Starring Jean Rochefort, Johnny Hallyday, Isabelle Petit-Jacques.
Produced France 2002. French with English subtitles.
Certificate (12A)
Running time 90 mins.
Bringing together two of France’s best known performers, veterans Jean Rochefort (whose familiar hang dog features were last seen in LOST IN LA MANCHA) and pop icon Johnny Hallyday, L’HOMME DU TRAIN offers further confirmation of Leconte’s (MONSIEUR HIRE, RIDICULE, THE WIDOW OF SAINT PIERRE) versatility as a director. Rochefort plays Monsieur Manesquier, a retired school teacher who has lived all his life in a small provincial town, now rattling around home alone in the rambling family pile. His life is comfortable but routine in the extreme, even in the smallest detail. Hallyday is Milan, an ageing criminal who arrives in town to case out the bank, and who by dint of circumstance winds up staying as Manesquier’s reluctant house guest. The two could not be less alike, but as erudite, charming host and taciturn tough guy rub along together. Delightfully wistful in tone, the chemistry between Rochefort and Hallyday is pleasurably palpable.
LILYA 4-EVER
Directed by Lukas Moodysson.
Starring Oksana Akinshina, Artiom Bogucharskij, Elina Benenson.
Produced Sweden 2002.
Certificate (18)
Running time 109 mins.
The winner of five major prizes at Sweden’s 38th Guldbagge Awards (including Best Director and Best Actress for Russian born Oksana Akinshina), Moodysson’s (SHOW ME LOVE) follow up to the sublime TOGETHER is a harrowing and sobering work about adults’ neglect and abuse of young people. Lilya (Akinshina) is 16 and lives in a dismal suburb in a nameless town in the former Soviet Union. Abandoned by her mother and bullied by a wicked aunt, her only comfort comes from Volodya (Bogucharskij), a good-hearted younger boy who she befriends.
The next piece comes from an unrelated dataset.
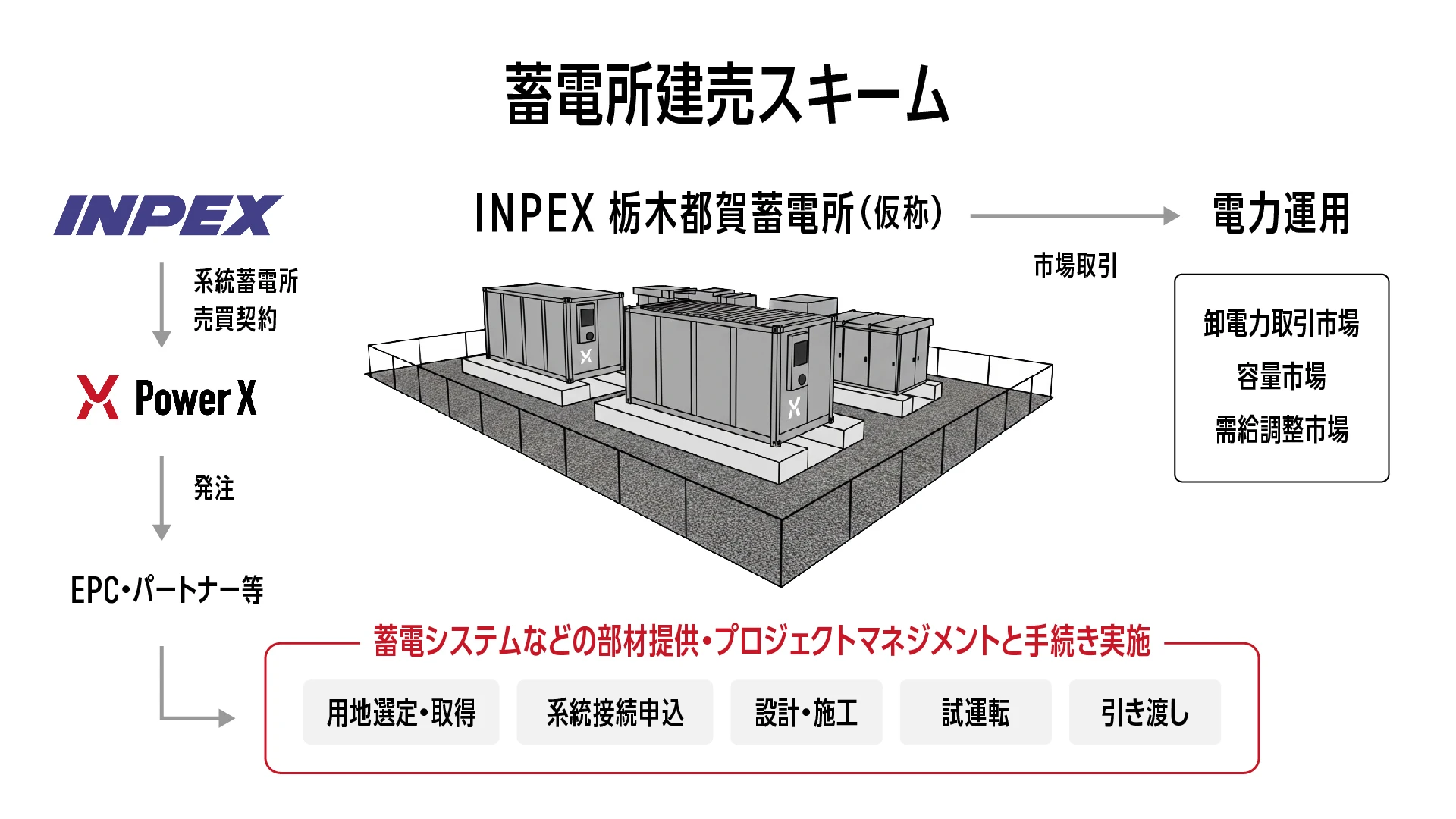 株式会社パワーエックス(本社:岡山県玉野市、取締役 代表執行役社長CEO:伊藤 正裕)は、株式会社INPEX(本社:東京都港区、代表取締役社長:上田 隆之)より、事業用地から自社製蓄電システムを含む機器一式、系統接続手続きまでを一体提供するスキームで、高圧系統蓄電所1拠点を受注しました。

Hope arrives when Lilya meets and falls in love with Andrei (Ponomaryov), who asks her to move to Sweden with him and begin a new life. Full of anticipation she boards the plane, unaware that her dreams are about to turn into nightmares. A brave and compelling move after the feel-good TOGETHER, the film confirms Moodysson as one of Sweden’s most accomplished, daring and insightful directors.